_REQUIREMENT_
Below this line is a set of entries; quote exactly the lines from the line that contains "玻璃钢绝缘挡鼠板采用玻璃钢板" to the line that contains "Le Téléthon 2017", both lines included.

_DATA SECTION_

^^^^^^^^^^^^^^^^

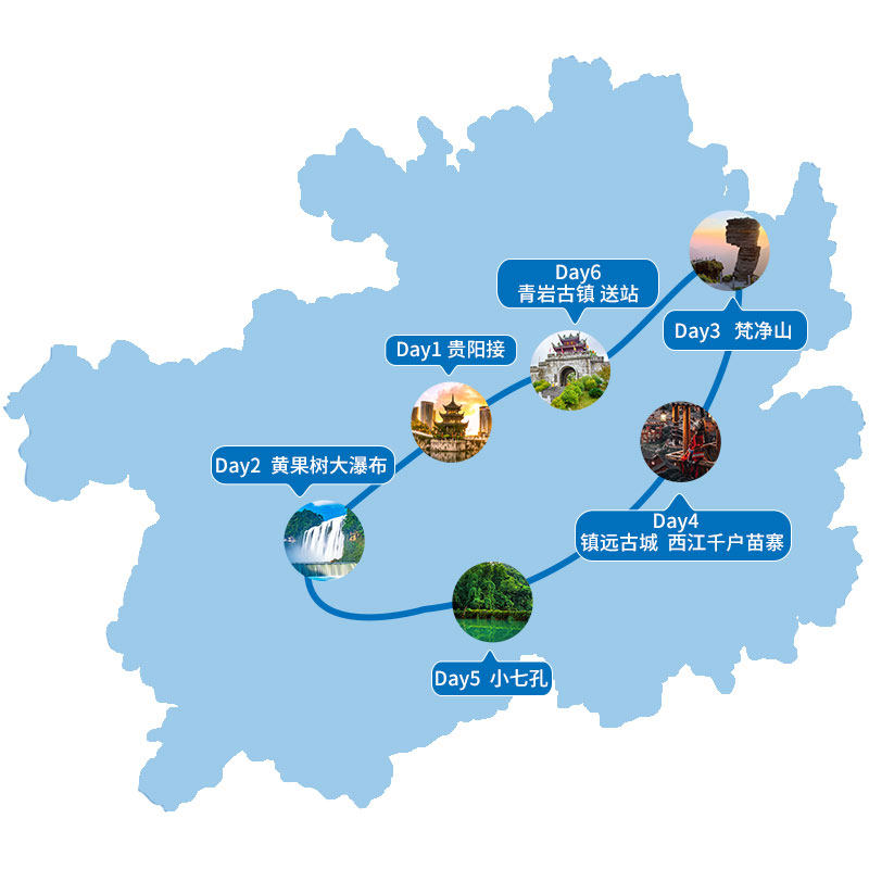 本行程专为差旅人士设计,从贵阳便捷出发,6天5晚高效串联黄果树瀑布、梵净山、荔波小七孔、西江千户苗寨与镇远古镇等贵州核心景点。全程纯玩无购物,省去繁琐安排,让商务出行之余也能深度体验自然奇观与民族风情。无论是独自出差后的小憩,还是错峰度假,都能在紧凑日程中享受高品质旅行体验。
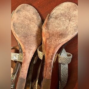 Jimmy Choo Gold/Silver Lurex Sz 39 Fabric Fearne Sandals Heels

^^^^^^^^^^^^^^^^

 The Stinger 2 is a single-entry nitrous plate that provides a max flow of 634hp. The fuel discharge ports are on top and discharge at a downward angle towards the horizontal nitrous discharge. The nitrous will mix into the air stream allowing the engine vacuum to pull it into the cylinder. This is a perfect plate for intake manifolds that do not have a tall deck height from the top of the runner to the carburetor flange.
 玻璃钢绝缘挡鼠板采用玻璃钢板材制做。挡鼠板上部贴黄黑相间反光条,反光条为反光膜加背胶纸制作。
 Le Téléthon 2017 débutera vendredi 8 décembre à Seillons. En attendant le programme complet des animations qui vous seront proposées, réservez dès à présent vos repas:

^^^^^^^^^^^^^^^^

_EXPECTED OUTPUT_
 玻璃钢绝缘挡鼠板采用玻璃钢板材制做。挡鼠板上部贴黄黑相间反光条,反光条为反光膜加背胶纸制作。
 Le Téléthon 2017 débutera vendredi 8 décembre à Seillons. En attendant le programme complet des animations qui vous seront proposées, réservez dès à présent vos repas:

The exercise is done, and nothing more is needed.